PHOTOGRAPHS of Lawrence of Arabia that were hidden for decades have emerged from the archives of the Public Records Office in the North of Ireland.
Staff member Colin Shaw was following up on an inquiry he had received about TE Lawrence, who was best known as Lawrence of Arabia, when he came across the documents.
“The more I investigated Lawrence’s background, the more intrigued I became” Mr Shaw said.
“Although I had seen the movie, I was amazed at how much more there was to this gentleman.”
Thomas Edward Lawrence, known as TE Lawrence and later Lawrence of Arabia, was a British archaeologist and military officer.

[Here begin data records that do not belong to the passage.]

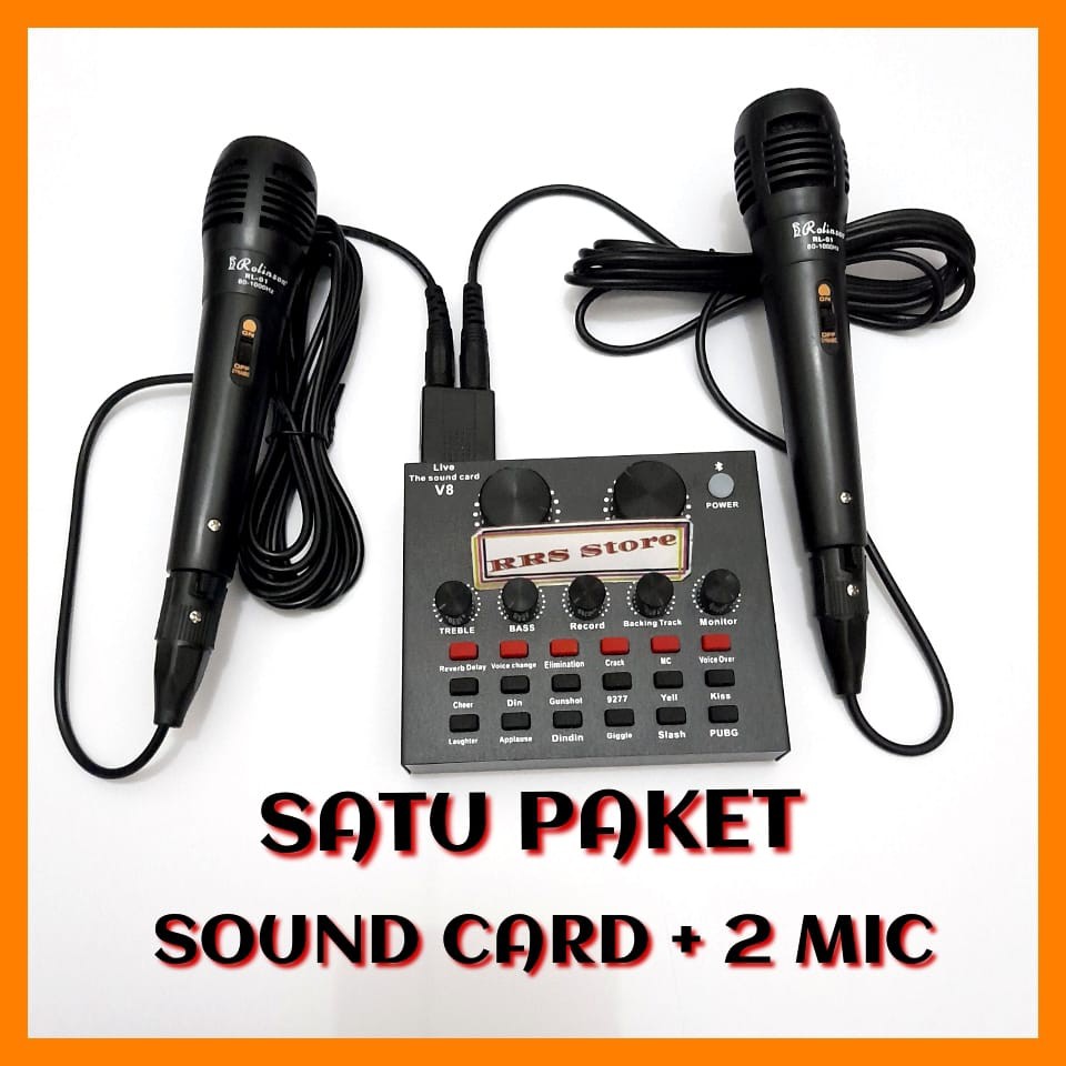 ALAT KAROKE SATU PAKET Mixer mini mic MURAH KUALITAS BAGUS sondcad sonkad Soundcard Broadcast Microphone V8 - V8bluetooth ALAT KAROKE V8 Sound Card Mixer Audio for HP PC Mac Live Broadcast Karaoke Recording
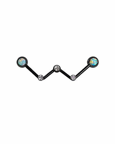 New 𧨠CZ and Faux Opal Zig Zag Industrial Barbell – 14 Gauge π
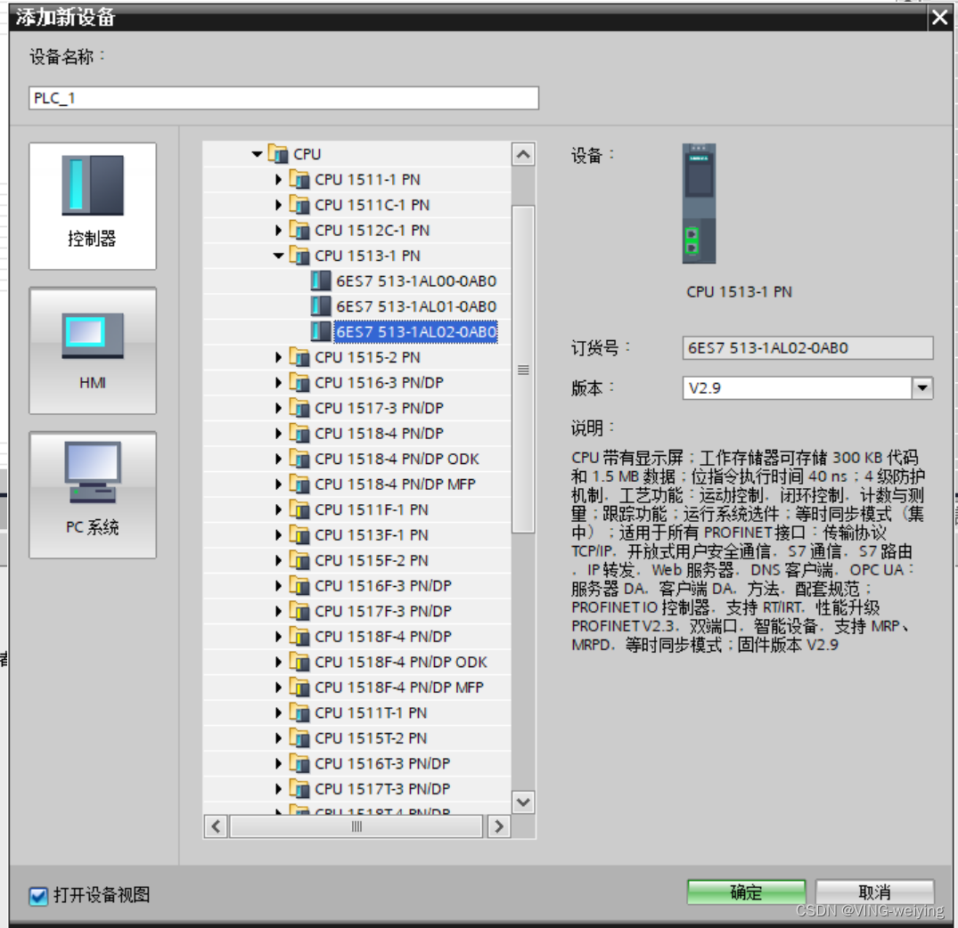 第2步:添加西门子PLC 1513PLC
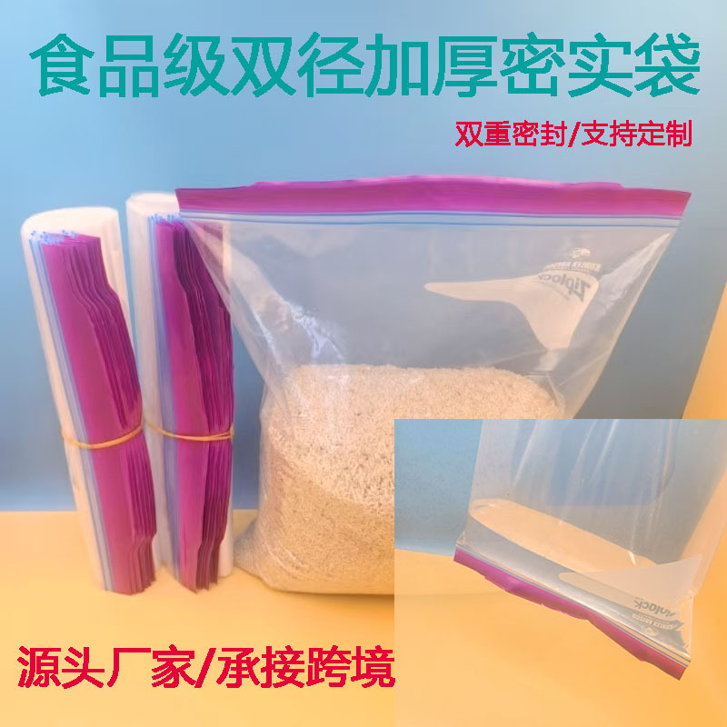 Pe Double Diameter Ziplock Bag Thickeneded Food Sealed Fresh-Keeping Zipper Bag Opp Self-Adhesive Storage Plastic Packaging Bag

He became renowned for his liaison role in the Sinai and Palestine Campaign and the Arab Revolt against Ottoman Turkish rule of 1916–18, which eventually saw the dissolution of the Ottoman Empire.
Lawrence gained an almost mythical reputation in the Arab countries after ensuring the surrounding territories freedom.
Film fans will know Lawrence from the 1962 film based on his life, Lawrence of Arabia, in which Irish actor Peter O’Toole portrayed him.
Despite O’Toole’s impressive 6’3” frame, Lawrence was only 5’’5” – which initially saw him rejected by the British Army.
“For somebody who died at a relatively young age, 46, he achieved so much,” Mr Shaw said.
“He was a practising archaeologist in the Middle East before he joined the army.”
But his little known connection to Ireland led to the emergence of these rare pictures – including one of Lawrence on the motorcycle that he would be killed on in May 1935.
His biographer, Harford Montgomery Hyde, was a Belfast barrister and MP – and was among the first to examine Lawrence’s life.
It was among documents collected by Hyde that these pictures lay collecting dust - presumably since the 1970s, when he completed his biography of Lawrence.
Lawrence was born in Wales in 1888 to an Anglo-Irish father, Sir Thomas Chapman. Unusually for Victorian Britain, he was born outside of wedlock.
Lawrence’s Irish roots can be traced back to Co. Westmeath, through his father.
And Mr Shaw’s digging also led him to discover that Lawrence’s untimely death in a motorcycle accident led the British Army to re-examine their safety protocol.
“I subsequently found out that Hugh Cairns, the neurosurgeon who tended his injuries, would later write a pioneering study which would lead to the British Army ordering all despatch riders to wear safety helmets in November 1941,” he said.
“I had no idea that there had been so much resistance to the wearing of helmets.”